Dutch & Company and Stroops Heroic Dogs

click to enlarge feat42_phillip_perrow_michelle_shriver_caleb_shriver.jpg

Scott Elmquist

Phillip Perrow
Co-Owner and Co-Chef

Michelle Shriver
Co-owner and Front-of-House Manager

Caleb Shriver
Co-Owner and Co-Chef

Running a restaurant is backbreaking work. The three owners of Church Hill restaurant Dutch & Company are there six days a week, as many as 14 hours a day.

It’s not glory that motivates them. It’s camaraderie.

“The way you move in the kitchen becomes fluid — there’s an unspoken language that you learn, and I think you immerse yourself in it for so long and for so many hours … that eventually it consumes you,” co-chef Caleb Shriver says. “And you can’t leave it. It becomes what you wake up for.”

The restaurant’s origin story is a long and tangled one. Michelle (then Peake) Shriver had worked with Phillip Perrow at Acacia. Then she moved to Chicago, where she met Caleb Shriver at the restaurant where they worked together.

They started dating; she returned to Richmond; Phillip met Caleb on a visit to Chicago… and eventually all three ended up here.

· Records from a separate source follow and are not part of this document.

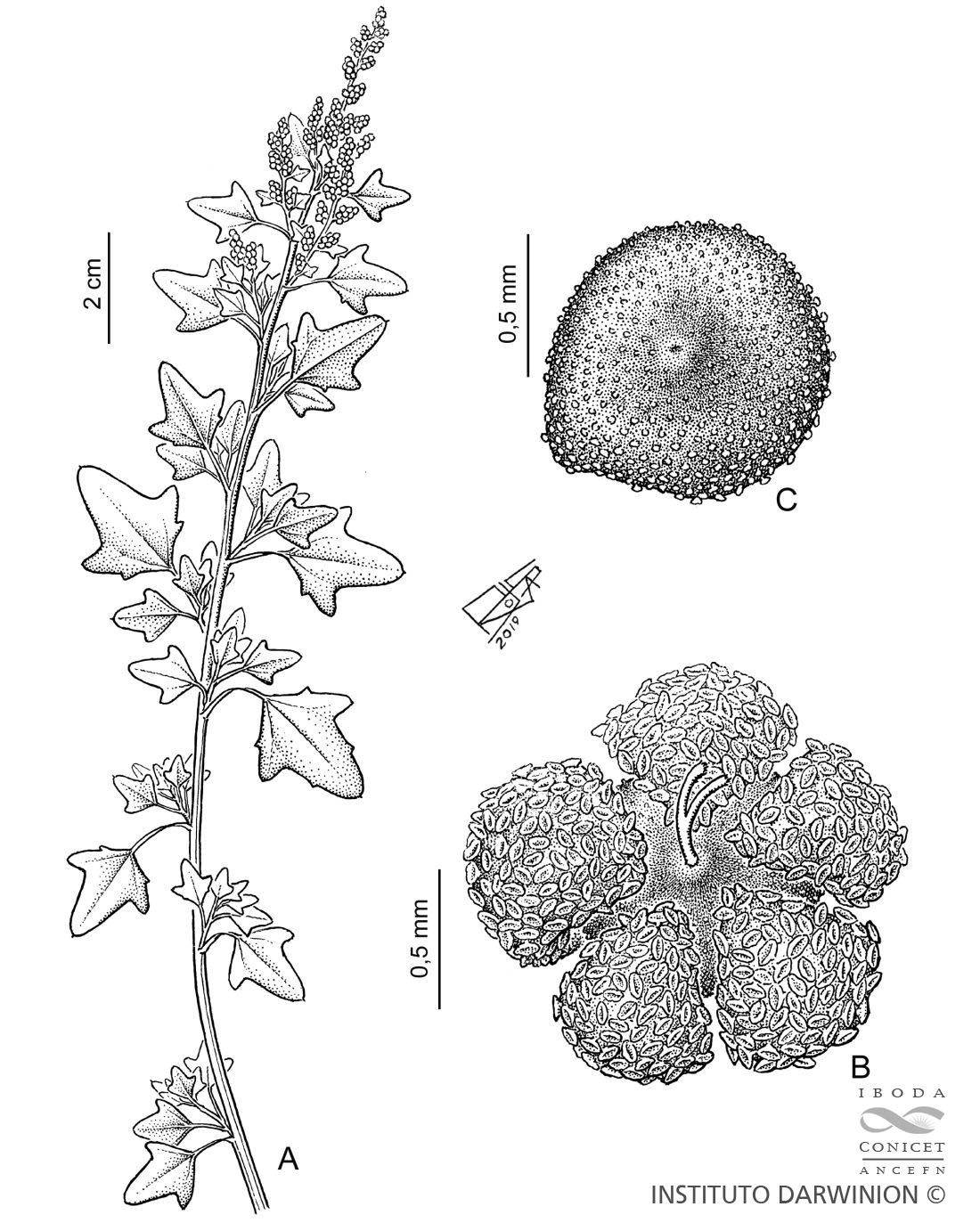 Hierbas anuales, hasta de 60 cm de alto, farinosas especialmente en la cara abaxial de las hojas. Tallo simple o ramificado, con ramas ascendentes. Hojas alternas, pecíolos casi tan largos como la lámina, ésta deltoidea, de 1,4-1,8 × 0,9-1,8 mm, 3-lobuladas; margen entero, a veces con 1-2 dientes de cada lado; base aguda; ápice agudo o redondeado. Inflorescencias en glomérulos reunidos en panojas terminales, pequeñas y laxas. Flores perfectas; cáliz con 5 sépalos unidos en la base; estambres 5; estigmas 2. Cáliz fructífero estrellado, de 1,5-2,2 mm de diámetro, cuyos sépalos son carenados y estrechos en la parte inferior, formando senos agudos o redondeados a través de los cuales se puede ver el fruto, cubiertos por tricomas vesiculiformes blancos. Frutos utrículos lenticulares a globosos, de 0,9-1 mm de diámetro; pericarpo pardusco, generalmente algo papiloso, adherido a la semilla. Semillas horizontales, lenticulares a globosas, castaño oscuras a negras; tegumento finamente granuloso; radícula prominente.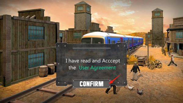 1、在西部风格场景中,弹出用户协议确认框,勾选“I have read and Accept the User Agreement”后,点击“CONFIRM”确认,完成进入游戏前的必要协议流程。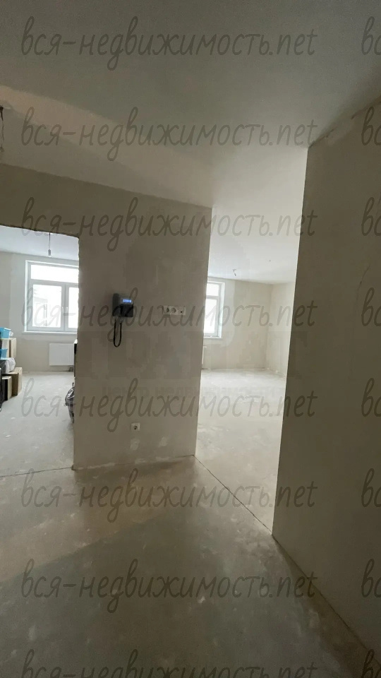 Стены оштукатурены и выравнены, на полу стяжка со слоем шумоизоляции.

Caleb and Michelle married in 2012.

For years, Caleb says, they talked about opening a restaurant: “nights out, having a drink, sharing ideas.”

In 2012, it happened. They fell in love with a storefront in Church Hill, and Dutch & Company was born. It’s become an integral part of the area’s changing scene.

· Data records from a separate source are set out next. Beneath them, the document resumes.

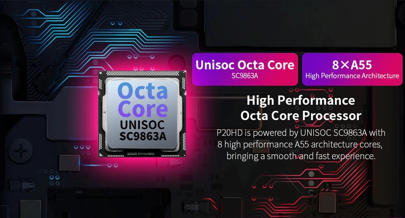 P20hd는 8 고성능 A55 건축술 핵심을 가진 UNISOC sc9863a에 의해 강화해, 매끄럽고 빠른 경험을 가져오고.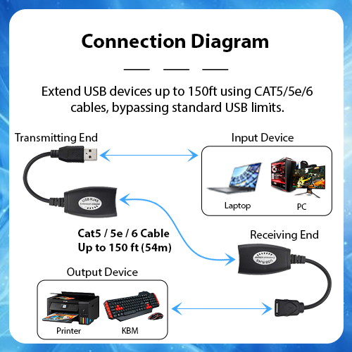 Connection Diagram: Extend USB devices up to 150ft using CAT5/5e/6 cables, bypassing standard USB limits.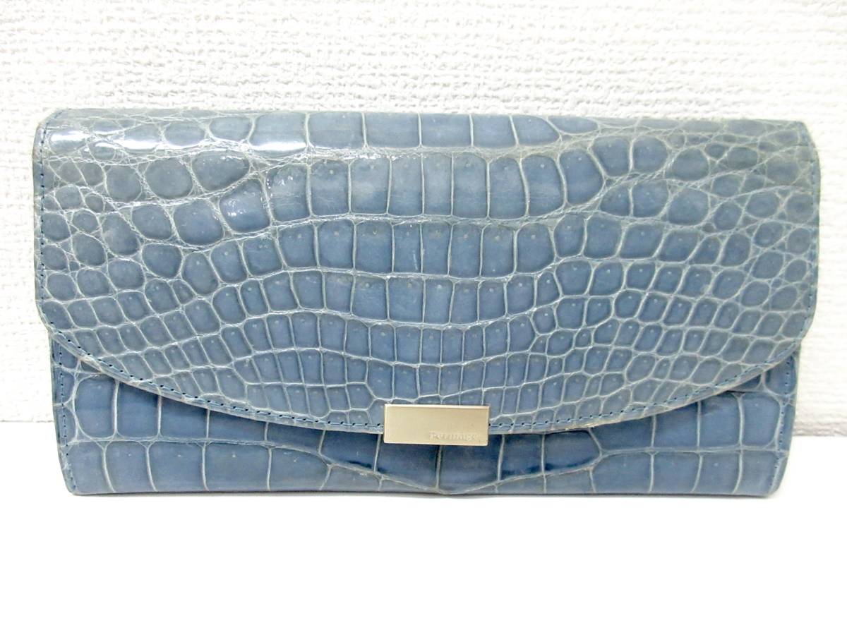 - 並品■Permage クロコ 長財布 二つ折り財布 ターコイズ 管理2008 P-6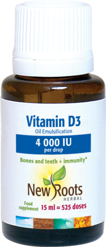A food supplement consisting of Vitamin D3 (cholecalciferol) containing 100 mcg (4000 IU) per drop. Vitamin D contributes to the maintenance of normal bones, muscle function and teeth, and to the normal function of the immune system.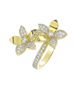 The Wild Flower Yellow Gold Ring features a yellow gold wrap band set with pavé diamonds and complete with a duo of dynamic teardrop-shaped diamond and yellow gold flowers.

It wasn’t a high-concept restaurant. Dutch & Company arose organically from its surroundings, becoming known as an intimate neighborhood place that served exceptionally good food. Accolades soon poured in. Food & Wine named both Caleb and Phillip as 2014 finalists for the people’s best new chef. Style named it restaurant of the year in 2014. And in 2016, the restaurant received the Elby award for Richmond’s best restaurant.

The team took it in stride and kept on cooking.

“They have this unique ability to get lost in the creativity of food,” Michelle says. When the chefs got a whole lamb in the kitchen, she suggested selling house-made hot dogs out of the kitchen door. The hot dogs became a Saturday tradition that drew block-long lines, and the trio decided to feed the fans in a new place down the street, Stroops Heroic Dogs. Aaron LeMire, who is now Dutch’s bar manager, created the craft sodas served there.

Perrow and the Shrivers have been generous to Church Hill. When nearby bakery Sub Rosa caught fire, the owner sent his pastries to Dutch & Company so they wouldn’t be wasted. The team held an impromptu bake sale to benefit Sub Rosa — and when the pastries ran out, neighbor WPA Bakery contributed more. Dutch & Company also has contributed food to such nonprofits as ChildSavers and the Doorways.

The three owners are known for supporting their staff’s endeavors too. They’ve helped a dishwasher become front-of-house manager at Stroops, and cheered on former servers as they opened their own businesses. Former sous chef Travis Carraway recently left for San Francisco. It was hard to let him go, Caleb says, but he was proud. It’s like being a parent, he says: “This isn’t about just me anymore. This is about all of you.”